Le révérend a ajouté que les faux questionnements ouvrent la porte à l’ennemi et le galvanisent à nous oppresser davantage, au constat que nous manquons d’assurance, de certitude, que nous ne connaissons pas notre Dieu. Les esprits de faux questionnement ont relevé que la vraie adoration est celle qui consiste à reconnaître et à célébrer Dieu en temps difficiles, ou face aux situations dont la nature appellerait plutôt les victimes à pleurer, à se lamenter. Généralement, l’adoration faite quand tout va bien ne provient pas du fond du cœur, car elle est souvent faite du bout des lèvres. Cela dit, on reconnaît les vrais adorateurs en temps difficile. Les faux questionnements, les plaintes, les pleurs et les lamentations sont de l’adoration à satan ; c’est ce qui le nourrit. Nous avons été invités à cultiver, à adopter l’adoration, y compris pendant les moments difficiles, y compris dans les situations bizarres, et sachant que le quotidien d’un esclave de Dieu n’est pas aisé, comme nous l’enseignent les cas de Job et de Paul (2 Corinthiens 11). Sachons donc supporter les épreuves ! Ne murmurons plus !

Quand les croyants sont éprouvés, a noté l’esprit des faux questionnements, satan les pousse ou les incite à maudire Dieu, comme ce fut le cas de l’incitation venue de la femme de Job. Lorsqu’on se plaint par exemple du fait qu’il pleut pendant le culte, que l’eau inonde ; quand on interroge Dieu là-dessus et qu’on remet sa présence en cause, on est simplement en train de manifester l’incrédulité et le doute. Les persécutions, les épreuves, les œuvres des faux frères, les situations difficiles ne doivent pas nous conduire à remettre la foi en cause, à retourner à la case de départ. Les esprits de faux questionnement n’ont pas manqué d’affirmer que les scandales ne doivent non plus nous déstabiliser, puisque Jésus enseigne qu’il est impossible qu’il ne survienne pas des scandales (Luc 17 : 1), même au sein de l’église.

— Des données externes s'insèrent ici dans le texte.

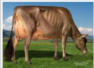
PACIFIC EDGE GUNMAN DEVIANT-ET Sister to the Dam of Lot B

TOLLENAARS IMPULS LEGAL 233-ET USA 061929249 GTHD BBR 100 JH1C JNSC A2A2 29JE3506 FERMAR PARAMOUNT JOY 95% JECAN000104419880 GT45K BBR 100 JH1C JNSF DHIA HERD # 33-87-0722 CONTROL # 31 2-00 305 2 15807 5.0 785 4.0 639 CAN 2146C 3-01 305 2 21400 5.2 1116 4.1 873 CAN 3001C 4-11 305 2 20860 5.1 1065 3.7 778 CAN 2692C 8-03 305 2 17130 5.1 870 3.5 594 103DCR 2053C 305 2X ME AVG 4L 21962M 1112F 848P 2894C CDCB GPTA S 04/01/2023 ORECS 89%R 3%ILE -1746M 0.07% -70F 0.10% -44P -532CM$ -534NM$ -568FM$ -1.1PL 1.8LIV 1.6DPR 1.0CCR -1.0HCR 3.16SCS -509GM$ 0.0MFV -0.1DAB -0.3KET 1.8MAS 1.3MET 0.4RPL 3.01HTI AJCA 04/01/2023 GPTAT 87%R 1.0 GJUI 7.8 GJPI 86%R-109

Le révérend a invité les fidèles à se repentir du doute, de l’incrédulité et des faux questionnements. « Sachez dire merci à Dieu en tout moment, en toutes circonstances. Sachez être reconnaissants », a-t-il déclaré. Un fois qu’on connaît déjà la vérité et qu’on ne met pas en pratique les instructions reçues, préférant plutôt se livrer à de faux questionnements, le révérend a réitéré qu’on fera du « sur place », qu’on ne pourra jamais évoluer avec la chrétienté. On ne pourra pas passer d’une classe à une autre. Cette précision faite, le révérend a décapité et chassé les esprits de faux questionnements, de doute et d’incrédulité en enfer.